What to produce:
A stretch of the entries below is to be set down exactly, running from the line with "Bath Wastes Plug" through the line with "11月10日,山東省榮成市俚", both included, and no other line.
Records supplied START
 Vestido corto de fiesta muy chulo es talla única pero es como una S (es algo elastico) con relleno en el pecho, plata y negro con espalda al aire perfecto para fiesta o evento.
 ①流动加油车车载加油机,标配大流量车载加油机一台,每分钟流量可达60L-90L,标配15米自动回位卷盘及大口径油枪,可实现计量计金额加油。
Records supplied END
Records supplied START
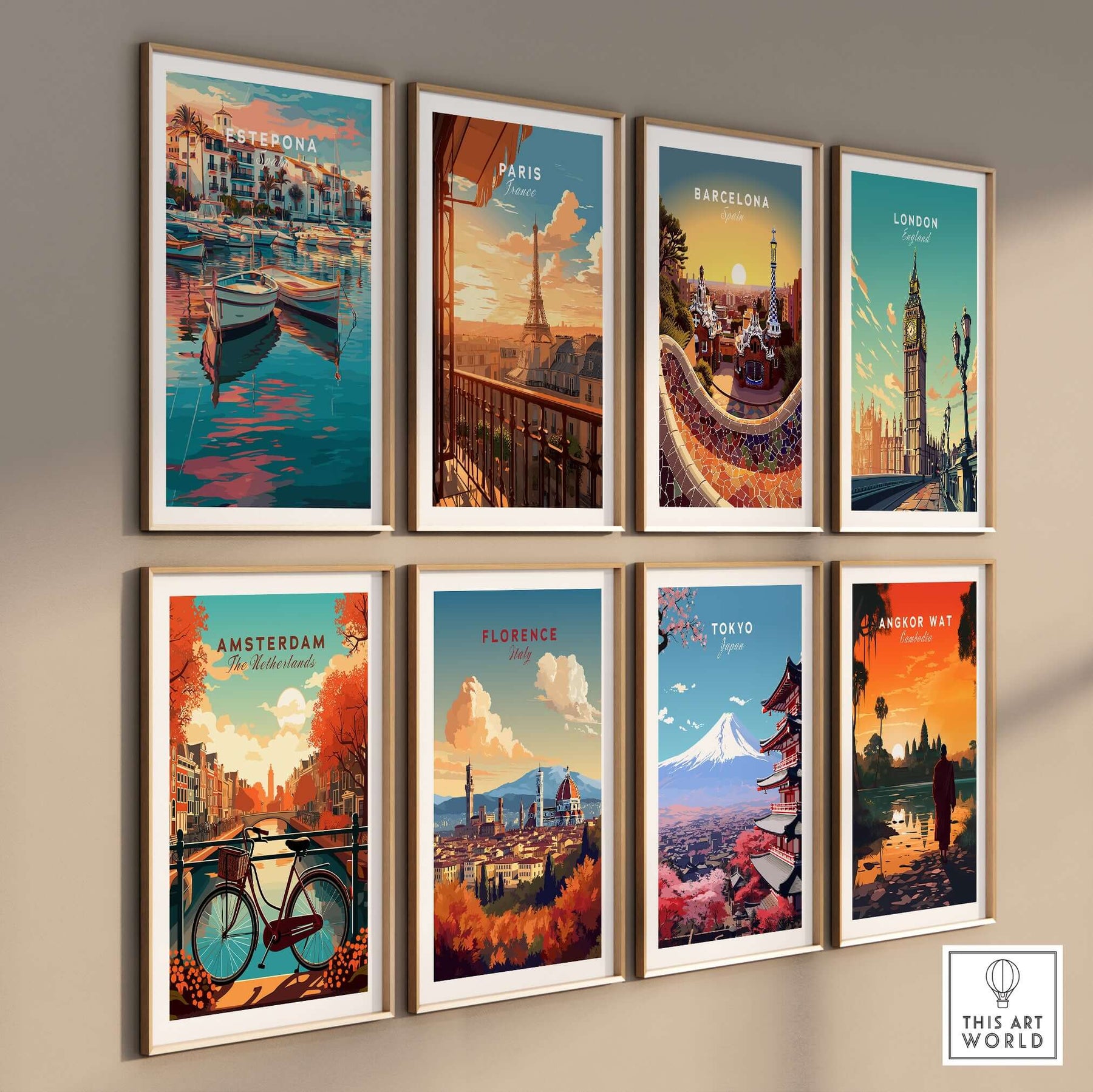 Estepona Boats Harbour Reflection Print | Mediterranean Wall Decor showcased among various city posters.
Records supplied END
Records supplied START
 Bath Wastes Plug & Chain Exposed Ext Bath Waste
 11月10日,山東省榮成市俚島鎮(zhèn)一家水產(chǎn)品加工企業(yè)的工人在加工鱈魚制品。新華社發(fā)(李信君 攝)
Records supplied END
Solution to this task:
 Bath Wastes Plug & Chain Exposed Ext Bath Waste
 11月10日,山東省榮成市俚島鎮(zhèn)一家水產(chǎn)品加工企業(yè)的工人在加工鱈魚制品。新華社發(fā)(李信君 攝)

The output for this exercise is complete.